Source material:
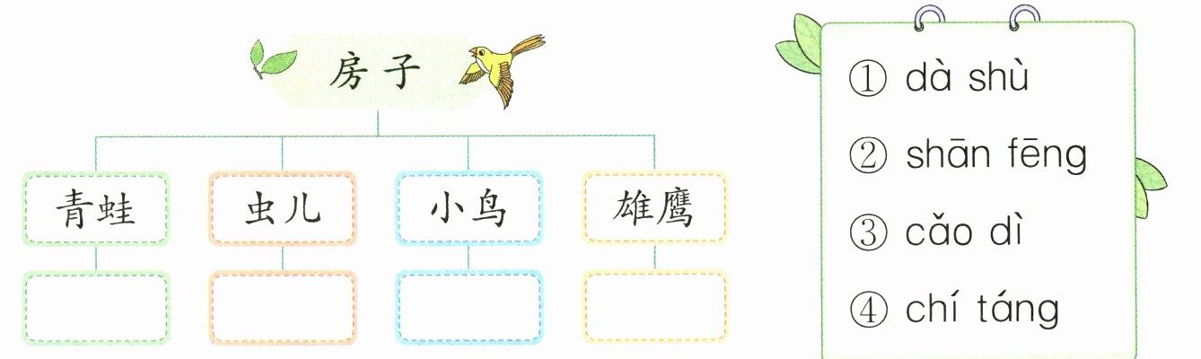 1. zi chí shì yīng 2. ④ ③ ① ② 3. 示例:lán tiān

* * *

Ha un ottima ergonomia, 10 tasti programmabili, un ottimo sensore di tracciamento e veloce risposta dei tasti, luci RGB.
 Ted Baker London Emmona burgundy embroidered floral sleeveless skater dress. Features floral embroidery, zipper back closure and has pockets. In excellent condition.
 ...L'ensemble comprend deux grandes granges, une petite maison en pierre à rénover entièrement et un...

What is expected: Could you return exactly the lines above from the line with "Ha un ottima" to the line with "Ted Baker London", both included, and nothing else?

Answer:
Ha un ottima ergonomia, 10 tasti programmabili, un ottimo sensore di tracciamento e veloce risposta dei tasti, luci RGB.
 Ted Baker London Emmona burgundy embroidered floral sleeveless skater dress. Features floral embroidery, zipper back closure and has pockets. In excellent condition.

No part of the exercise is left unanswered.